Hasta el propio cardenal se había conmovido con la obra. Se llevó a Tonio aparte y pugnó por expresar los sentimientos que la ópera le había suscitado.

—Angeles, Marc Antonio —dijo con asombro contenido—. ¿Qué son? ¿Cómo es el sonido de sus voces? ¿Y cómo alguien corpóreo puede cantar como tú lo has hecho esta noche?

—Sois demasiado generoso, mi señor —dijo Tonio.

—¿Me equivoco cuando digo que se trataba de algo etéreo? ¿Lo he comprendido mal? En el teatro, en un momento determinado, iban juntos el mundo del espíritu y el mundo de la carne, y a partir de esa fusión, tu voz se elevó. Estaba rodeado de seres terrenales, que reían, bebían, y se divertían como hacen en todas partes, y luego escuchaban tu voz en completo arrobo. Así pues, ¿era aquello la cima más alta del placer sensual o más bien un placer espiritual que, por unos momentos, se había instalado en nuestro mundo?

Tonio se maravilló ante la seriedad del cardenal. La rendida admiración de éste lo llenó de calidez, y hubiera renunciado alegremente a la multitud, a la bebida, al dulce delirio de la noche, para disfrutar otra vez a solas de la compañía del cardenal y hablar un buen rato de todas aquellas cuestiones.

Sin embargo, el cardenal lo tomó de la mano y lo llevó junto a los demás. Unos lacayos abrieron la puerta doble del salón. Al cabo de unos instantes se separarían de nuevo.

—Hoy me has enseñado una cosa, Marc Antonio —confesó el cardenal en un rápido y furtivo susurro—. Me has enseñado a amar lo que no comprendo. Te aseguro que no amar lo que es hermoso e incomprensible sería vanidad, no virtud. —Entonces le dio a Tonio un pequeño beso ceremonial.

El conde Raffaele di Stefano también dejó oír sus cumplidos hacia la música, confesando que, en el pasado, la ópera nunca lo había conmovido. Permaneció cerca de Tonio, aunque no habló mucho con él, observando celoso a todos los que se acercaban a su amigo.

A medida que transcurría la velada, la visión de Raffaele hechizaba a Tonio. Le trajo vividos recuerdos de la noche que habían compartido y en algunos momentos llegó a considerar a Raffaele una criatura que no podía vestirse como los demás hombres. El grueso vello de sus manos ofrecía una imagen incongruente bajo diversas capas de encaje, y Tonio tuvo que desviar la mirada varias veces para reprimir el impulso de marcharse con él en aquel mismo instante.

Si algo lo decepcionaba era la ausencia de Christina Grimaldi en la recepción.

La buscó con avidez. No podía haberla pasado por alto y no comprendía por qué no estaba allí.

Había asistido al teatro, por supuesto, la había visto. Aunque comprendía perfectamente que después no apareciera por el camerino. Pero ¿por qué no había acudido a casa del cardenal Calvino?
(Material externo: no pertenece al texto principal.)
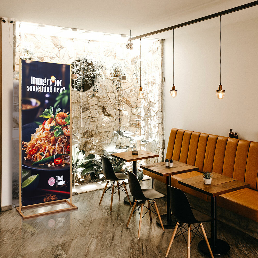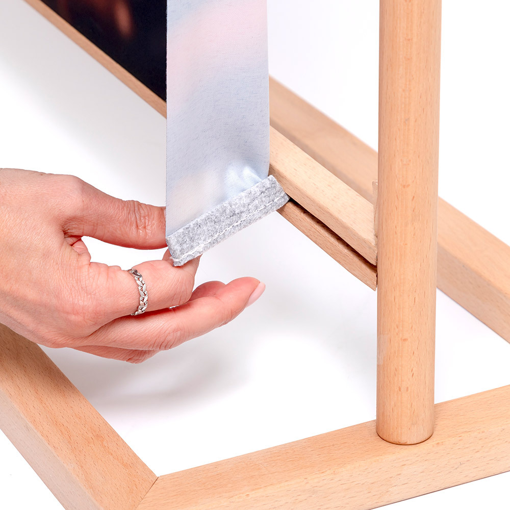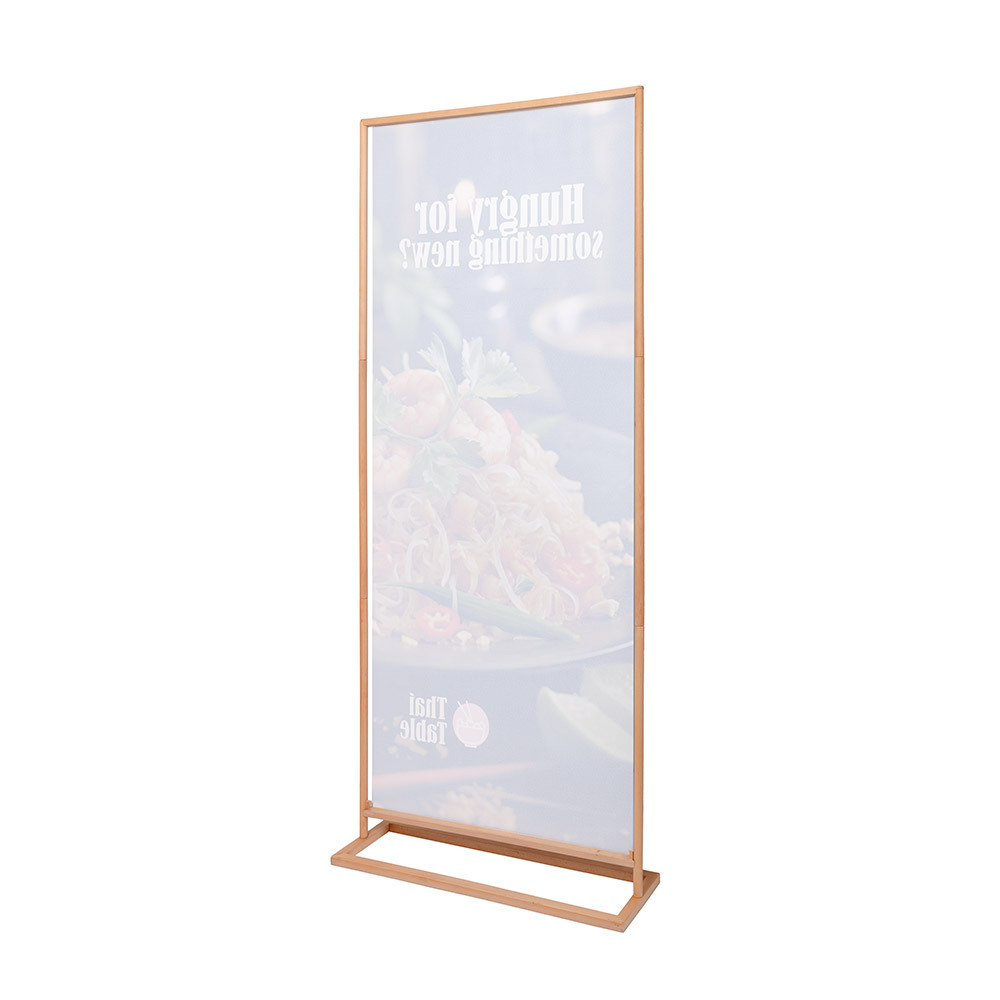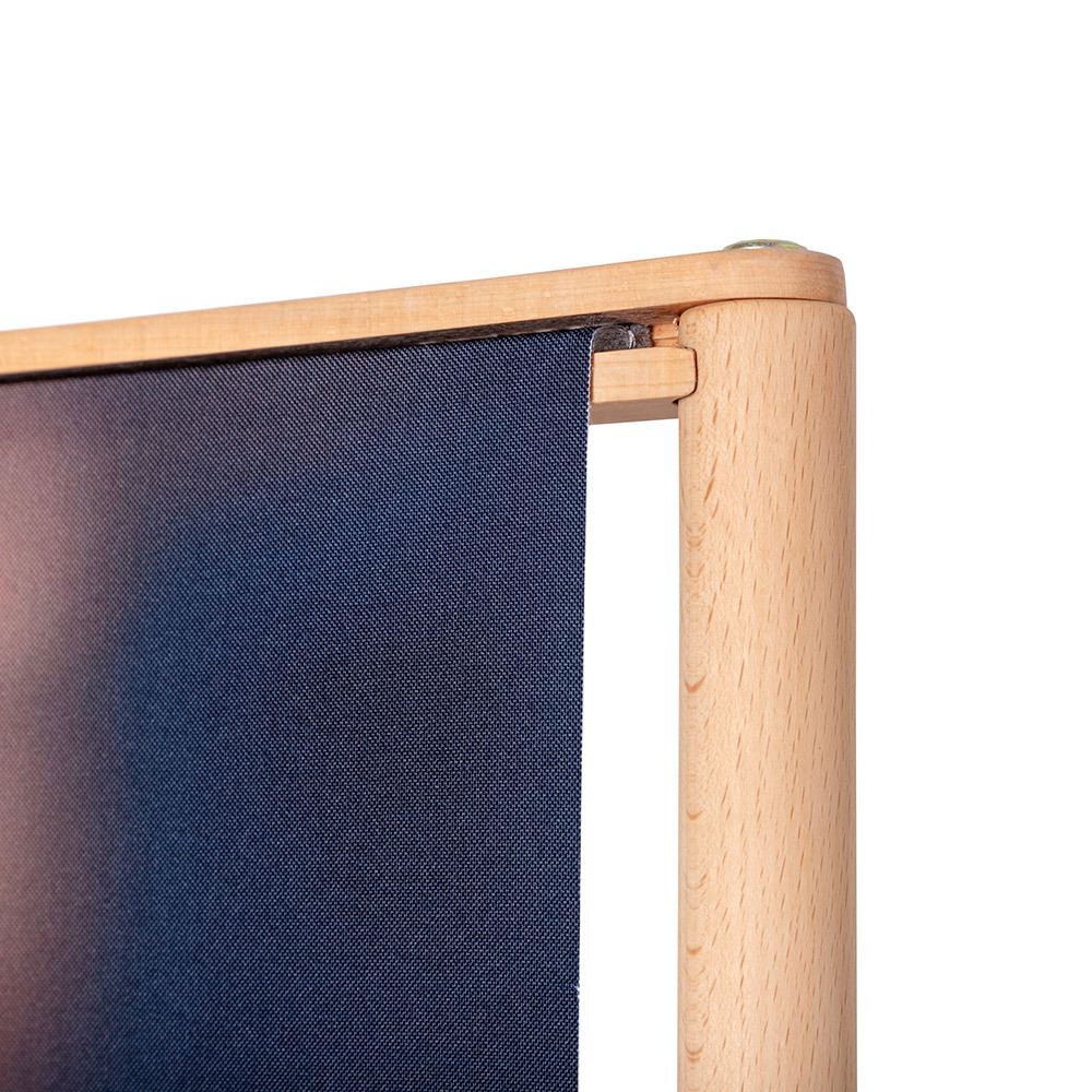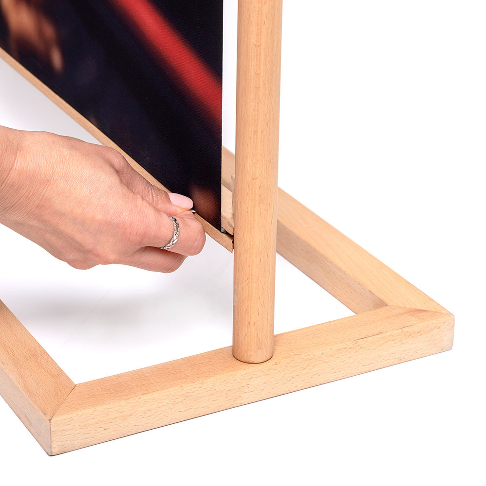 The Banner Stand Rustic redefines indoor banner promotion. Crafted from hard beech wood, renowned for its durability, it combines natural strength with an eco-friendly design. Whether for branding, welcome messages, or special promotions, your message stands out on a vivid graphic. The graphic is finished with 100% PES recycled keder on the short sides, allowing effortless updates. Quick to assemble and easy to transport, it’s ideal for events, public spaces, and the hospitality sector.

Por su cabeza pasaron ideas abominables. Cuando pensó que ella lo había visto vestido de mujer, se sintió sumido en una pesadilla. No obstante le había hecho una reverencia, y ella se la había devuelto desde el palco de la condesa, había aplaudido a rabiar después de las arias, y Tonio distinguió claramente su sonrisa pese a la distancia que los separaba.

¿Por qué no había acudido a la fiesta del cardenal?

No se atrevía a preguntárselo a Guido o a la condesa, que no se apartaba del maestro.